All provinces west of Ontario contain land Canada gained through the Numbered Treaties signed between 1871 and 1921. In those treaties, traditional indigenous territories were signed over to the British crown in exchange for hunting rights, reserves and annual payments. First Nations groups argue that treaty rights are continuously eroded by various Canadian governments.
The recent Canadian Truth and Reconciliation Commission has called to attention the Canadian government’s tenuous relationship with indigenous peoples. Thrush says Making Treaty 7 explores the reclamation of historical narrative and encourages educational reform.
“[Education] is something that needs to happen throughout Canada — not only in universities, but in the school system as well,” Thrush says. “We’ve grown up in a society that has not always been told the true history of what’s happened in this country, and it’s all just sort of coming out in the last few years. So I think it’s imperative for all Canadians to know what exactly those treaties were about.”
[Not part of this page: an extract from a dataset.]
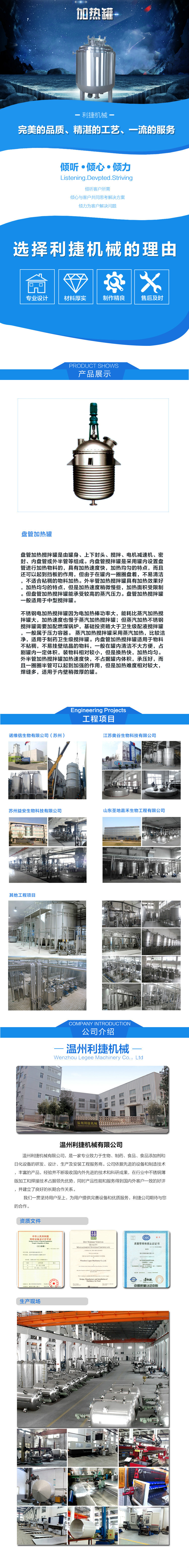自动加热,使用便利等优点,被广泛用于原油,化工,橡胶,农药,染料,医药,食品中,以完成硫化,硝化,氢化,烷基化,聚合,@nz等工艺。充分混杂反应物是前提。对于诸如加热,冷却,液体提取和气体吸收之类的物理变化过程,需搅拌装置以获取不错的效用。外部线圈电抗器可以为客户设计和加工。

The subject matter of the play includes the residential school system and the smallpox epidemic that killed many aboriginal people when Europeans first arrived in North America. Stories presented in the play are developed from the firsthand experiences of Alberta’s aboriginal communities.
“The show is about creating conversation,” Thrush explains. “A national conversation about the things that are going to bring people together and allow people to see the similarities that we have, as well as the things that have created opposition between the cultures. Education is our buffalo, is what we say. So we need to be able to have those conversations and be able to share that information freely with support from all peoples.”
Making Treaty 7 runs from Sept. 23—25 at 7:00 p.m. at Mount Royal University’s Bella Concert Hall. Tickets are $40 and can be purchased online at making-treaty7.com.